¹ Departments of Respiratory and Sleep Medicine, Medicine and Surgery, Monash Medical Centre; ² Monash Institute of Medical Research; ³ Monash University Centre for Inflammatory Diseases; and ⁴ Department of Biochemistry and Molecular Biology, Monash University, Melbourne, Victoria, Australia

Correspondence and requests for reprints should be addressed to Philip Bardin, FRACP, Ph.D., Department of Respiratory and Sleep Medicine, Monash Medical Centre, 246 Clayton Rd., Clayton, Victoria 3168, Australia. Email: Philip.bardin{at}southernhealth.org.au

Individuals with asthma are prone to viral and bacterial infections, and most asthma exacerbations have been linked to viruses, particularly rhinovirus. Excess transforming growth factor (TGF)-β present in asthmatic airways may cause immune suppression, as well as transdifferentiate fibroblasts to myofibroblasts, thereby augmenting proinflammatory responses after rhinovirus infection. After rhinovirus infection we examined virus replication and host cell immune responses in airway fibroblasts in the presence of TGF-β1 and in myofibroblasts. Primary culture fibroblasts were pretreated with TGF-β1 or transdifferentiated into myofibroblasts, and then infected with rhinovirus. Viral replication, virus release, chemokine production, and interferon (IFN) responses were measured over 72 hours. Rhinovirus replication and virus release into supernatants were enhanced in fibroblasts incubated with TGF-β1 and in fibroblasts obtained from patients with asthma. Myofibroblasts also showed more rhinovirus replication, and infected myofibroblasts produced excess neutrophil chemokines. Examination of innate responses revealed blunting of type I IFN reactions with dissociated viral RNA and IFN mRNA responses. Addition of type I IFN restituted antiviral responses, and the effect of TGF-β1 appeared to be mediated via actions on IFN regulatory factor-3 pathways. These data demonstrate that TGF-β1 mediates enhanced virus replication and proinflammatory responses in airway cells. TGF-β may act as an endogenous immunosuppressant promoting virus replication and inflammation during the evolution of acute severe asthma associated with rhinovirus infection.

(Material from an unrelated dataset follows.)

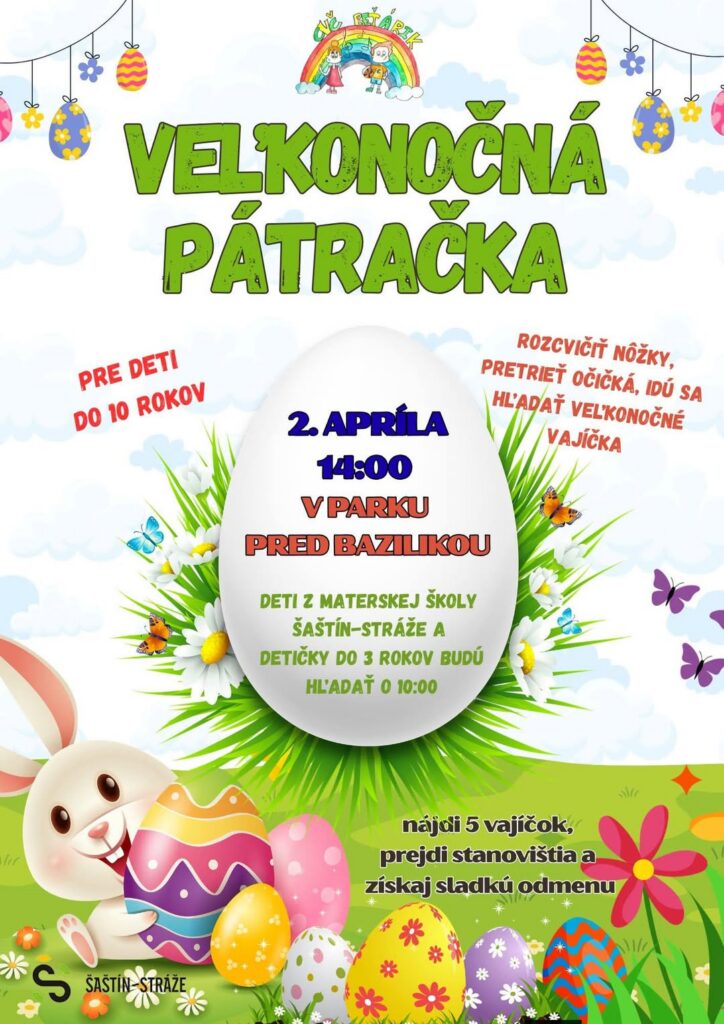 V Šaštíne-Strážach pripravili pre deti do 10 rokov Veľkonočnú pátračku, ktorá sa uskutoční 2. apríla o 14.00 hod. v parku pred bazilikou. Menšie deti do 3 rokov budú hľadať už dopoludnia o 10.00 hod. Organizátori sľubujú hľadanie vajíčok, pohyb na čerstvom vzduchu a sladkú odmenu.

Key Words: TGF-β1 • rhinovirus • fibroblast • myofibroblast • asthma

CLINICAL RELEVANCE Transforming growth factor (TGF)-β is increased in asthma and may suppress immune responses. It is unknown whether TGF-β activity may impact on rhinovirus infections and play a role in virus-associated asthma exacerbations. TGF-β mediates enhanced rhinovirus replication probably via its suppressive actions on host type I interferon responses.